5.8.2 Second Intraday Auction of Capacity: Once the PHF for the fifth session of the Spanish production market is published, the operators of the French and Spanish electric systems will exchange, the information relating to the international exchange programmes in the interconnection between France and Spain, which have been nominated within the time limits set by the market participants using the physical rights of capacity allocated in the first explicit intra-day auction held jointly by the operators of both electrical systems.

On the basis of the results of these programme nominations information exchanges, the two OS will jointly establish the exchange programmes foreseen in the interconnection between France and Spain.

Once these exchange programs are established, the OS will apply the "used or lost" rule to the capabilities assigned in the intraday horizon and have not been nominated. In that same process, the two OS will apply the overlap of existing firm programs against management, thus maximizing the utilization of the exchange capacity.

Once the above process has been carried out, the operators of both electrical systems will jointly publish the information corresponding to the unused capacity values that will be offered in one and another sense of flow in the second explicit intra-day auction.

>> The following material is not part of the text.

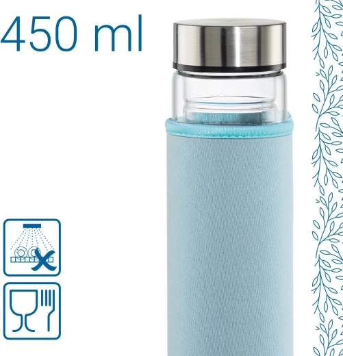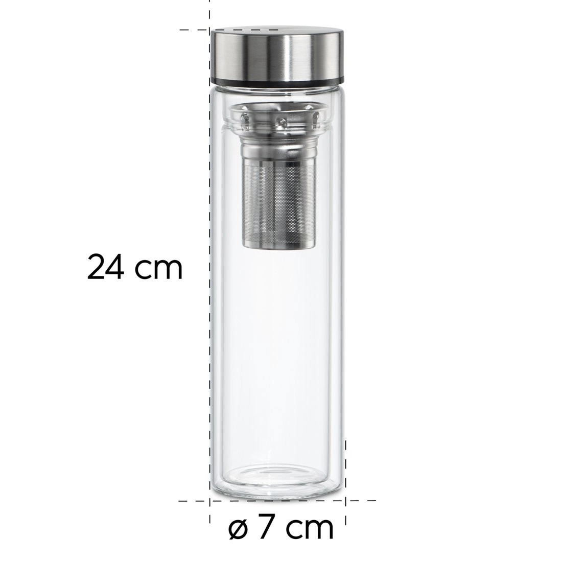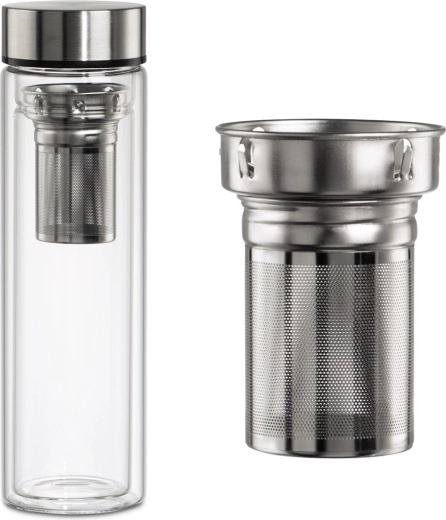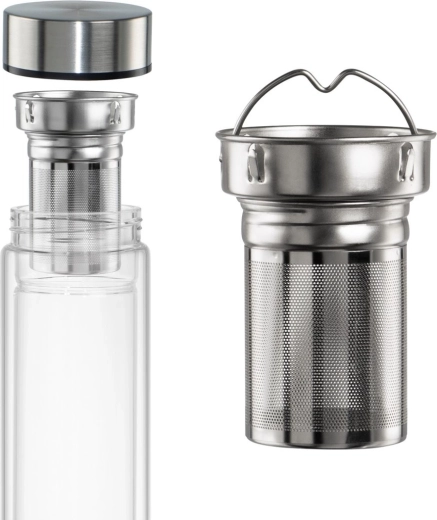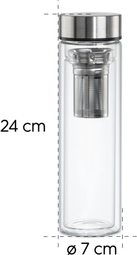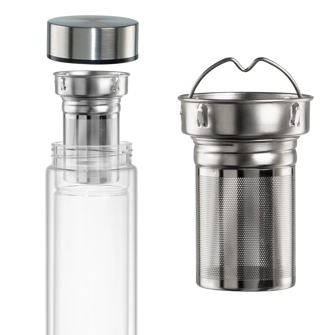 Zahvaljujući kvalitetnom borosilikatnom staklu, boca je lagana, izdržljiva i okusno neutralna. Inox poklopac sa silikonskom brtvom sprječava curenje u torbi ili ruksaku. Izvadivo fino cjedilo s praktičnim držačem olakšava rukovanje i čišćenje.

Once this second explicit intraday auction is performed, the operators of both electrical systems will proceed to the communication of the results of the same to each and every one of the subjects that have been awarded capacity in the same.

The OS will make available to the SM the total value of the authorizations for the programming as a result of this second explicit intra-day auction, indicating the authorized exchange capacity for each subject in each flow sense.

The OS will make available to the OM the authorizations for the programming established after this second explicit intra-day auction, indicating the total capacity of the authorized exchange to each subject in each direction of flow, to the the purpose of this information to be taken into account in the tender acceptance process for the first four hours of the first session and the sixth session of the intraday market.

5.9 Secondary Regulatory Reserve Requirements: Each day, the OS will set the secondary regulatory reserve requirements for each of the next day's programming periods, as set forth in the the operating procedure for which the reserve for frequency-power regulation is established.

These secondary regulatory reserve requirements required for each programming period of the following day shall be published by the OS before 14:00 hours of day D-1.

5.10 Secondary Regulatory Reserve Allocation: Once the secondary regulation reserve requirements have been published, the OS will open the process of receiving bids for the provision of the secondary regulation service, the process to be closed at 15:30 hours, except for another indication of the OS which will be communicated in advance to all the MS holders of regulatory zones qualified for the provision of this service.

With the secondary regulation reserve offers received, the OS will allocate the provision of the secondary regulation service with minimum cost criteria, following the process described in the operating procedure whereby the provision of the secondary regulatory service is established.

No later than 16:00 hours of day D-1, the OS will publish, in accordance with the procedures set out in the operating procedure establishing the exchange of information with the OS, the allocation of reserve of regulation secondary for each and every programming period of the next day.

From the making available of the secondary reserve allocation, the SM shall have a maximum period of 30 minutes to make possible claims to the OS for incidents and anomalies that may be attributable to the OS, These complaints are dealt with by the procedures laid down for this purpose. In exceptional cases, delays in the publication of the secondary reserve allocation, or other circumstances as necessary, the OS may reduce the length of the period of receipt of possible claims to the allocation. of secondary reserve, up to a minimum of 15 minutes, and previously reporting this reduction of the deadline via the eSIOS Subject Web.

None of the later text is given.